Witnessing Racial Violence: Public Awareness and the Battle of Ft. Pillow

In 2014, bystanders’ video evidence of Michael Brown and Eric Garner’s deaths at the hands of police thrust racial bias and police brutality against people of color into the national spotlight. Black Lives Matter subsequently became both a rallying cry and a movement, with followers asserting that the deaths of Brown and Garner are indicative of systemic racism, not only in the criminal justice system but among media outlets that rigorously scrutinize black victims while they fail to recognize the larger pattern of which this incidents form a part. The recent deaths of Alton Sterling and Philando Castile captured on video–and then the killing of five police officers in Dallas, Texas–have forced the conversation about institutional racism and criminal justice to a new level of urgency. The violence is not new, and neither is the denial of rights to people of color and other marginalized groups. What is new are the means available to minority communities to testify to the general public about their experiences. With the dissemination of video and photographs across the internet, Americans find themselves confronting a reality that they might have previously simply ignored. Yet even this increased awareness is not without some precedent. Over the course of the Civil War, black Americans often found support in the court of public opinion, while their gains in legal protections were limited.

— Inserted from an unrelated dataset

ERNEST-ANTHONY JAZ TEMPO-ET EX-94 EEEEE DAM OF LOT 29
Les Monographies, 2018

Black Union soldiers who fought in the Civil War faced a far more dangerous battleground than their white comrades. When captured, the laws of war protected white Union soldiers; black soldiers, however, could be enslaved or murdered. The Confederate government declared that black men in uniform were not soldiers, but rather slaves in “servile insurrection.” Tens of thousands of armed black men fulfilled the worst fears of a slave society whose survival depended upon eradicating black resistance. In the second half of the war, battles sometimes were sites of racially motivated war crimes.[1]

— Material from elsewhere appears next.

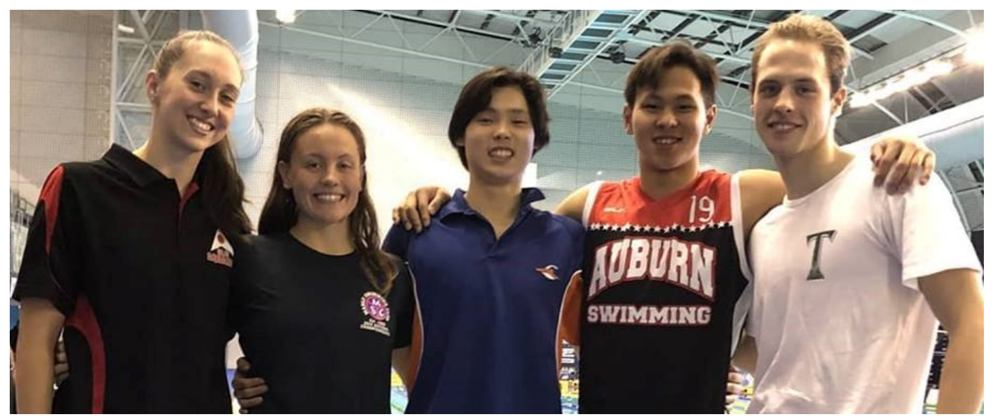
The Australian Junior World Championship Team was announced at the completion of the finals. Huge Congratulations to 5 NSW Swimmers who made the team and their coaches.

The Battle of Fort Pillow became a byword for atrocities committed against black soldiers. In early 1864, Confederate General Nathan Bedford Forrest’s 1st Division Cavalry Corps, consisting of about 1,500 men, moved through Tennessee and Kentucky capturing Union prisoners and supplies while destroying posts and fortifications. On April 12, Forrest ordered his men to take Fort Pillow in Henning, Tennessee, occupied by about 580 Union troops consisting of the 13th Tennessee Cavalry, the 6th U.S. Heavy Artillery Colored (USHAC), and the 2nd U.S. Light Artillery Colored.[2] After demanding surrender, Forrest’s soldiers attacked and captured the fort, leaving behind a lopsided death toll among the white and black soldiers trapped inside. An estimated 70% of the black troops stationed at the fort were killed, compared to about 40% of the white troops.[3] Soon, reports came in detailing that black and white soldiers had been shot down after surrendering their weapons, black soldiers had been buried alive, and that at least one soldier had been nailed to a wall and burned. Northern newspapers demanded retaliation, and southern newspapers celebrated the victory.[4]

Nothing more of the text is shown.